**What to produce**.
Leaving out all pictures, write out word for word the lines from the one containing "Équipements audiovisuels, informatiques" to the end of the data below.

########################################

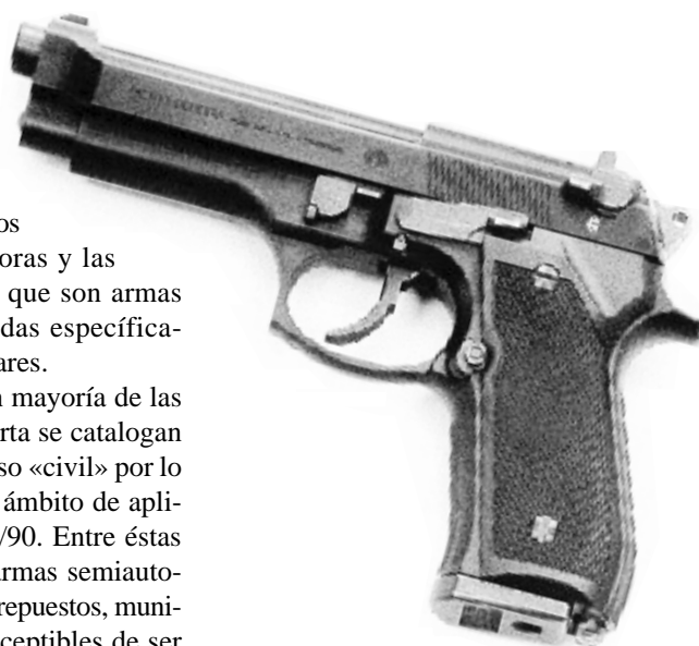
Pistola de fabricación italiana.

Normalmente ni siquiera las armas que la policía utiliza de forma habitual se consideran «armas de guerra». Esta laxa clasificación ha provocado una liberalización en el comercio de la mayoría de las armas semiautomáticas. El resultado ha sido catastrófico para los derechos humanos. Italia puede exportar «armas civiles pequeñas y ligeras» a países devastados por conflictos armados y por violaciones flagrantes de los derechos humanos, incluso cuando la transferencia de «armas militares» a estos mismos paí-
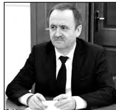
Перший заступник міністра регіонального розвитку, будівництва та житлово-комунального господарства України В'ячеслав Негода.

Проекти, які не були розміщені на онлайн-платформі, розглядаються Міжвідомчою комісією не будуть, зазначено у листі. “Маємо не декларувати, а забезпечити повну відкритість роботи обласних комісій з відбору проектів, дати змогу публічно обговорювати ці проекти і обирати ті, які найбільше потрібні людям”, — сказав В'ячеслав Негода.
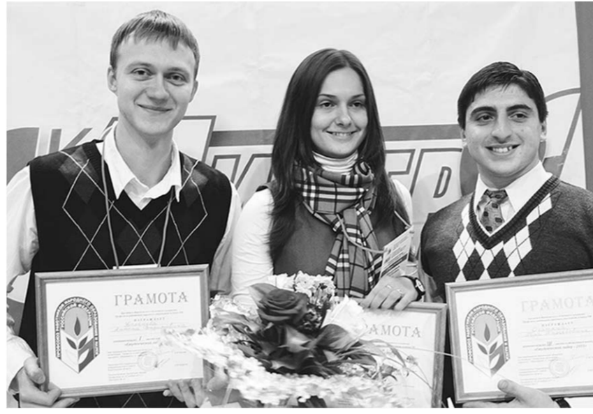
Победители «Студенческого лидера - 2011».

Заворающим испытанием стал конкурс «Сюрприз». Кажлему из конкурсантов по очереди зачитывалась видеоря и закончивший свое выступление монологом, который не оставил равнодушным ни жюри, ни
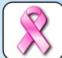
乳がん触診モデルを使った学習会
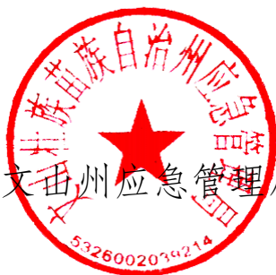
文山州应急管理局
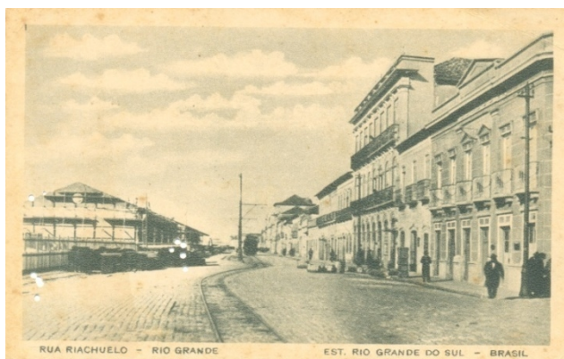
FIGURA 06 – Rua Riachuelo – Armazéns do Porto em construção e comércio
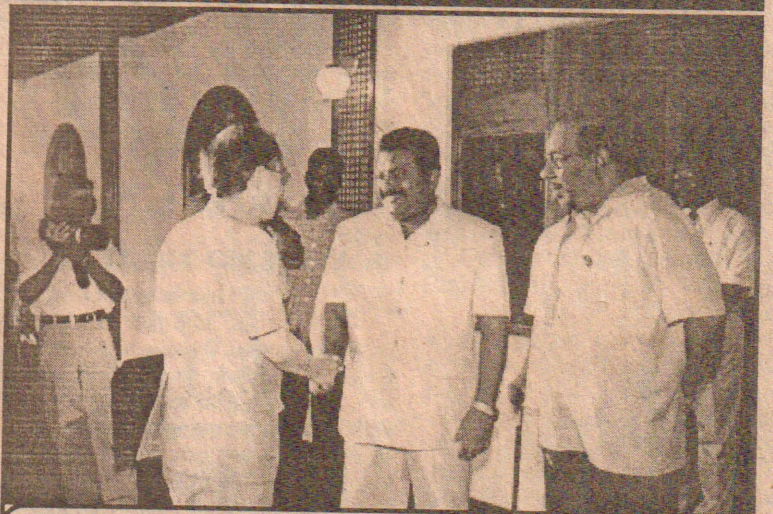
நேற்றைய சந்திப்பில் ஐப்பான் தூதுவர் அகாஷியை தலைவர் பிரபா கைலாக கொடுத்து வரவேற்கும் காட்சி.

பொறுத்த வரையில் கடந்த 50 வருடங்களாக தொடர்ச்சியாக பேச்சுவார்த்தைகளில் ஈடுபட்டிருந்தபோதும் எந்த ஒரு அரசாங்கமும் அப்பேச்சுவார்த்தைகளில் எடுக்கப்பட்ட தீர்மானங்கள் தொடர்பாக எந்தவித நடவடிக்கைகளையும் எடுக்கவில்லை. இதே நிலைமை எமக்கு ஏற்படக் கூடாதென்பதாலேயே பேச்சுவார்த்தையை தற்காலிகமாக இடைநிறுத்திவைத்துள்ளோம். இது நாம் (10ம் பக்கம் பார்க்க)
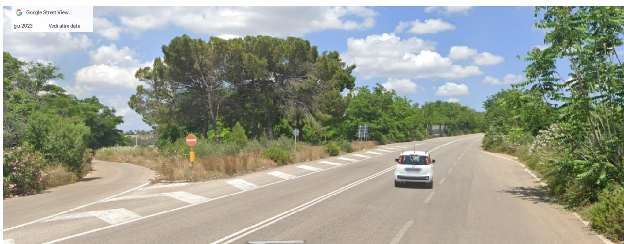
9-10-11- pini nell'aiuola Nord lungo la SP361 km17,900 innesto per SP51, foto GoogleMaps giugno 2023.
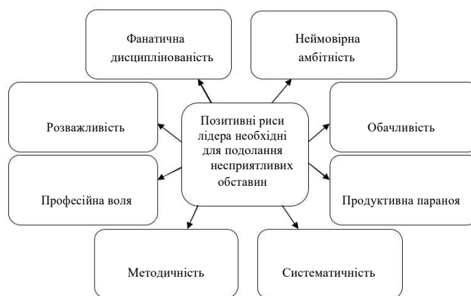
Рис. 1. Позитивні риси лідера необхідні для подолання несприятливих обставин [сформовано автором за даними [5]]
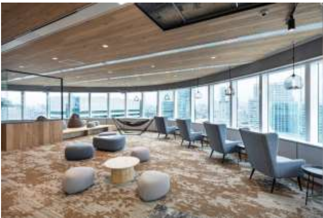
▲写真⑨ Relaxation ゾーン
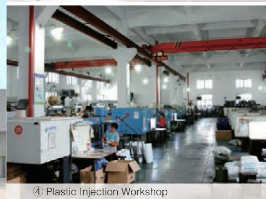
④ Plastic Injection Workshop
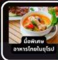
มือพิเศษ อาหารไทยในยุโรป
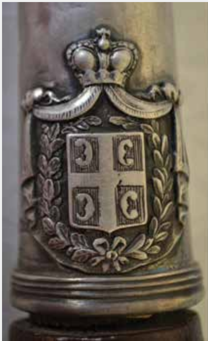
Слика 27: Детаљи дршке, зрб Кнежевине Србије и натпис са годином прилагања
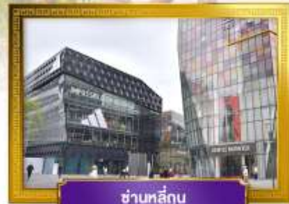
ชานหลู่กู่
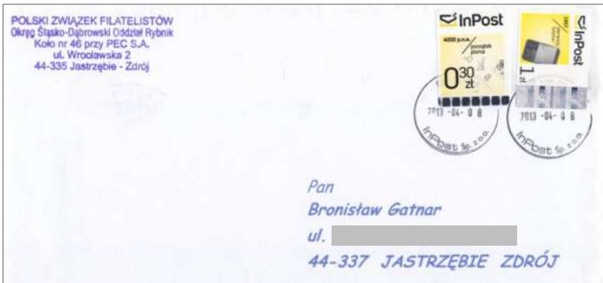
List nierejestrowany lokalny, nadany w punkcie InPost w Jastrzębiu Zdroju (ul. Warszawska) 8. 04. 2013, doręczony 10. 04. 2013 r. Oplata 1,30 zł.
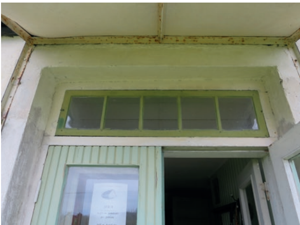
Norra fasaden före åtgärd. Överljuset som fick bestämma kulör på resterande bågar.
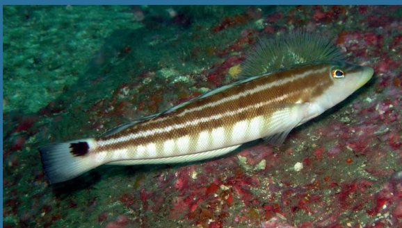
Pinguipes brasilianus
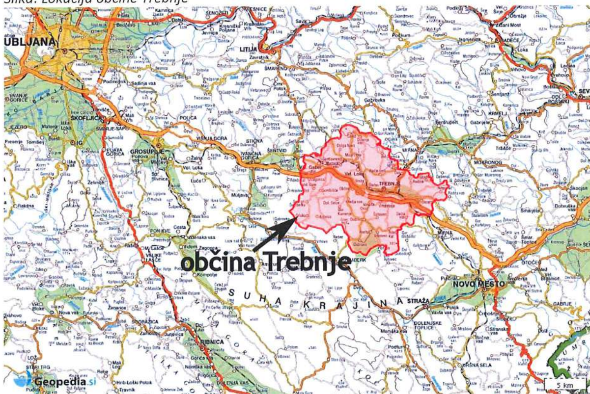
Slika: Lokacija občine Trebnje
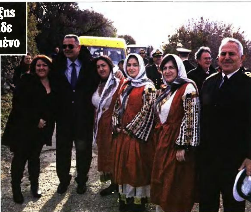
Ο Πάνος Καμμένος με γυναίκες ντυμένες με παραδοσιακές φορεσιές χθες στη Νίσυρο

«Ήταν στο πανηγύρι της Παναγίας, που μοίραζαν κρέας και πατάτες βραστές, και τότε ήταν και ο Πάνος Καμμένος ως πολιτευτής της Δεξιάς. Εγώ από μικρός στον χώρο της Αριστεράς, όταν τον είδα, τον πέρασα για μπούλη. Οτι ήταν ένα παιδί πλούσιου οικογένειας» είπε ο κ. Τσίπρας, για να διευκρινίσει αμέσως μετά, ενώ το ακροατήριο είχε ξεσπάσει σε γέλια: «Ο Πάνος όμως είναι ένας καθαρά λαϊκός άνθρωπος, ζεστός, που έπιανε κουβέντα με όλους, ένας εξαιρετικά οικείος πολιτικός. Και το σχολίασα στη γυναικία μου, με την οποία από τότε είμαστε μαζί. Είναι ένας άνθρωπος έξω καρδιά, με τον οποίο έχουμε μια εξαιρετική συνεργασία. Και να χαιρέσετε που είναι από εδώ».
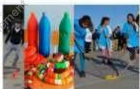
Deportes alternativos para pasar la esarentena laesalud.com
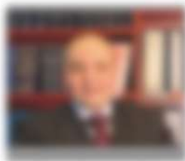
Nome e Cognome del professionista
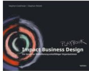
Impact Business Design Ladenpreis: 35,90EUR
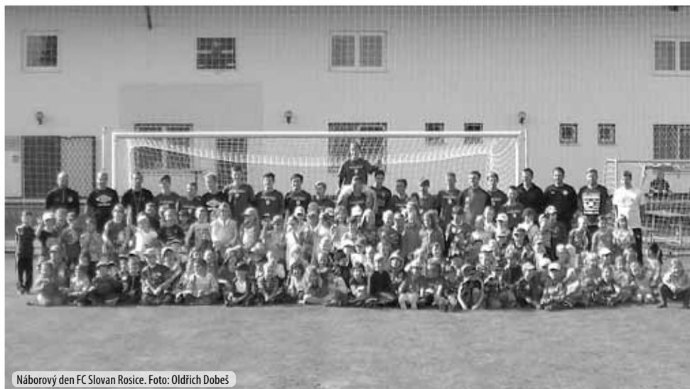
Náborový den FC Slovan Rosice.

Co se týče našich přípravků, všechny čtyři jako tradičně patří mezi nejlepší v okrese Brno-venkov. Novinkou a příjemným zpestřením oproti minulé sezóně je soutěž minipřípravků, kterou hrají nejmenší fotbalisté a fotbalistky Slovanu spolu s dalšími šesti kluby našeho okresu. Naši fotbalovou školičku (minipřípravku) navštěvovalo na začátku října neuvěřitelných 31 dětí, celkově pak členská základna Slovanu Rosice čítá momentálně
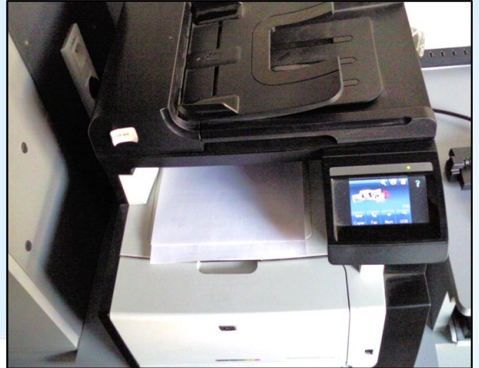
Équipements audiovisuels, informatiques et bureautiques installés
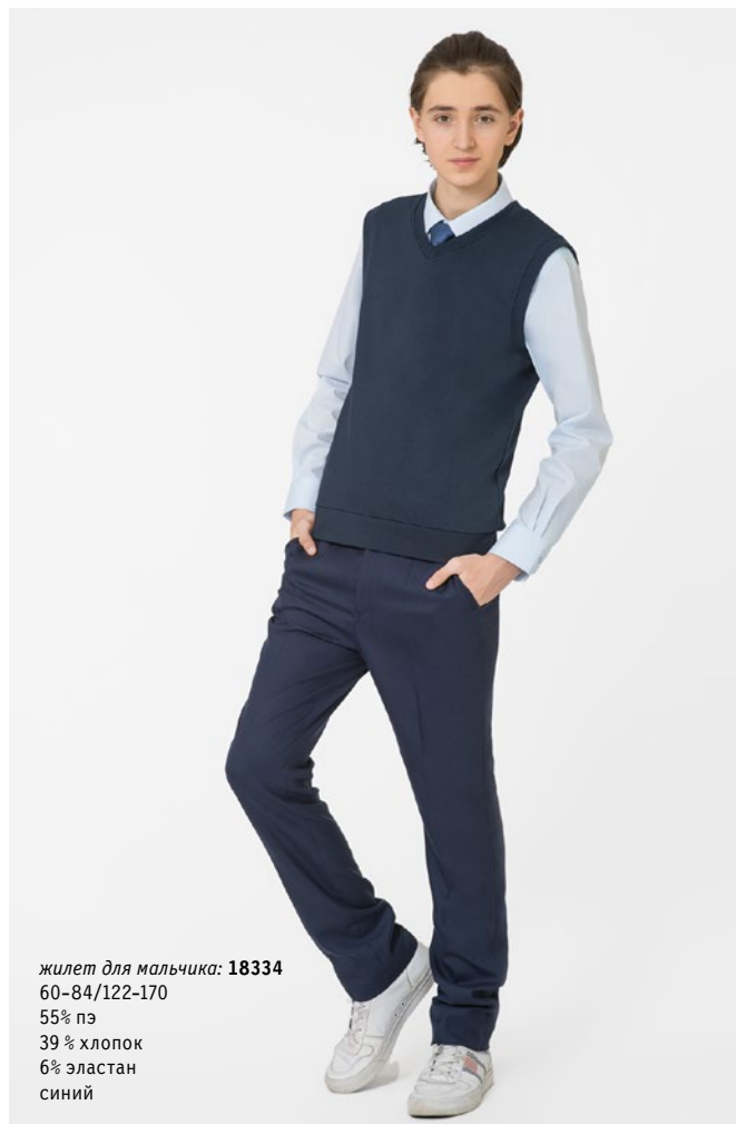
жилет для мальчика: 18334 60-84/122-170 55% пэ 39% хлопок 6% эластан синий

########################################

**Completed task**.
Équipements audiovisuels, informatiques et bureautiques installés
жилет для мальчика: 18334 60-84/122-170 55% пэ 39% хлопок 6% эластан синий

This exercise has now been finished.